In my code I have a file database httpcache.db
that my application reads into memory and writes it back to disk in a single read/write FILE i/o api call. I read/write it using plain fopen/fread. I decided to compress it and see if reduction in size results in overall speed up. At first, I measured load time it take take to read httpcache.db
and I got fairly consistent times of 350 microseconds.
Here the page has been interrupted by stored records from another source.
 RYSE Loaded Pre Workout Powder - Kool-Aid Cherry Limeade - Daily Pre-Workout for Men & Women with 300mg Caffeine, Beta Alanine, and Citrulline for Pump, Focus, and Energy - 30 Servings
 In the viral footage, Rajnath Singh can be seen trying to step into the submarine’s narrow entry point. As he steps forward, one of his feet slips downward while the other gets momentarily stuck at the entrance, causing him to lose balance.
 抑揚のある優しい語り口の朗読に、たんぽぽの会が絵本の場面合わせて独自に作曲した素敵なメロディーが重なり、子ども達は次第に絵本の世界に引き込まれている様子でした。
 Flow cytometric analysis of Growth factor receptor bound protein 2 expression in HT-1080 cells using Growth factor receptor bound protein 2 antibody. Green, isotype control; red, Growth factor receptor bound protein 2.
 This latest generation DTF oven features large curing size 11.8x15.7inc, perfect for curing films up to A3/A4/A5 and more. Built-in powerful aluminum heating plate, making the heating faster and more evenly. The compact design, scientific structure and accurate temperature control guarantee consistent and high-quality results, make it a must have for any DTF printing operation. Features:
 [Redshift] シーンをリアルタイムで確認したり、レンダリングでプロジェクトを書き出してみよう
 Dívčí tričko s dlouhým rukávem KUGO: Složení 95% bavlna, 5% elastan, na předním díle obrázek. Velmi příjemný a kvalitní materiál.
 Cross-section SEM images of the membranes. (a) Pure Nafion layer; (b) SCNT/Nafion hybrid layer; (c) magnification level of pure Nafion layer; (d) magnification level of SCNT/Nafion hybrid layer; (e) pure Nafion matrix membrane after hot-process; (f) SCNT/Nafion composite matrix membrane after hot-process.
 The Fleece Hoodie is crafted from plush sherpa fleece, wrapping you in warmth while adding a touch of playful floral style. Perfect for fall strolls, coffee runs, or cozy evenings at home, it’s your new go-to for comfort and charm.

Size of httpcache.db
file is 500KB. Then I simply zipped it (httpcache.db.zip
size became 24KB) and tried to measure time it takes to read the zipped file. Zipped file takes 90 microseconds. However, according to my measurement it would take roughly 1000 microseconds to unzip this file (with would total to 1090 micro vs 350 micro).
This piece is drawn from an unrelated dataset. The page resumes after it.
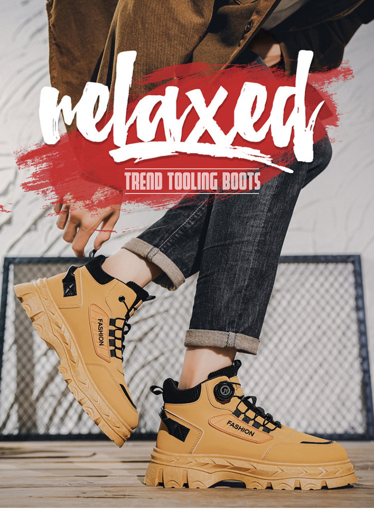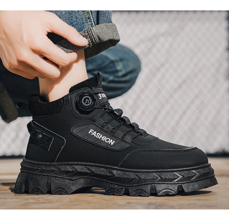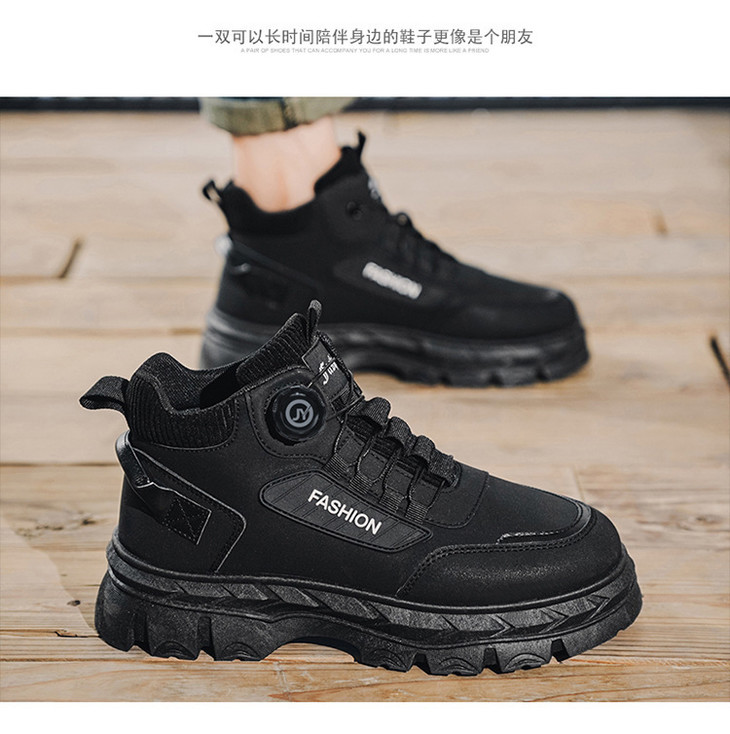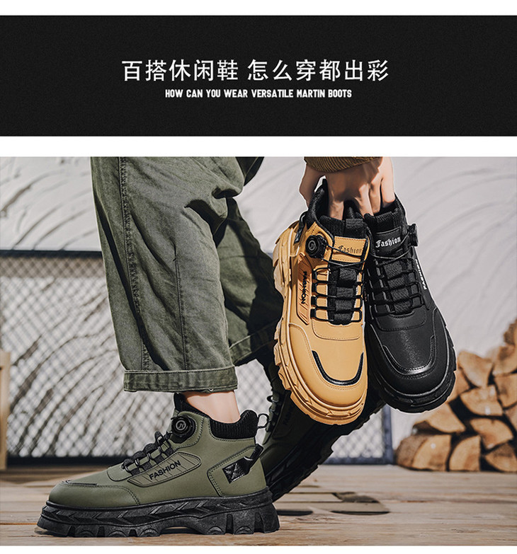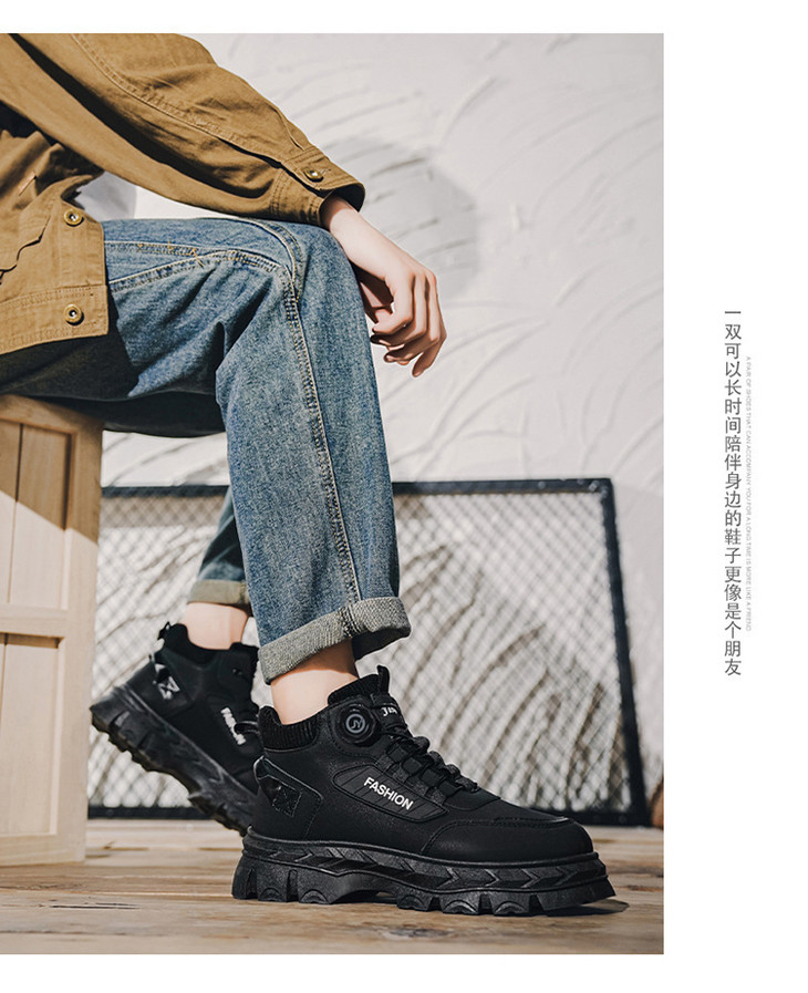 男鞋秋季新款高帮工装鞋子男士英伦风复古短靴厚底马丁靴男潮

Then I tried to use lz4 compressor instead. Compressed size became 40KB. With lz4, however, it would take only 80 microseconds to decompress my original httpcache.db. It looked over like a win: 90+80 microseconds vs 350 before lz4 compression. Just to make sure everything was ok, I made a final run to verify numbers and to my surprise loading compressed 40KB file would take the same amount of time as it took original 500KB uncompressed file. I checked everything and I didn't find issues with my code: somehow loading 40KB or 500KB file would take 350-400 microseconds, while 24KB file would take 90. The only difference (other than file size) was filename/extension. I simply renamed lz4 compressed file from httpcache.db to httpcache.zip and to my surprise simply changing file extension suddenly "boosted" file i/o by 200%: loading 40KB httpcache.zip
file would take 90 microseconds as expected.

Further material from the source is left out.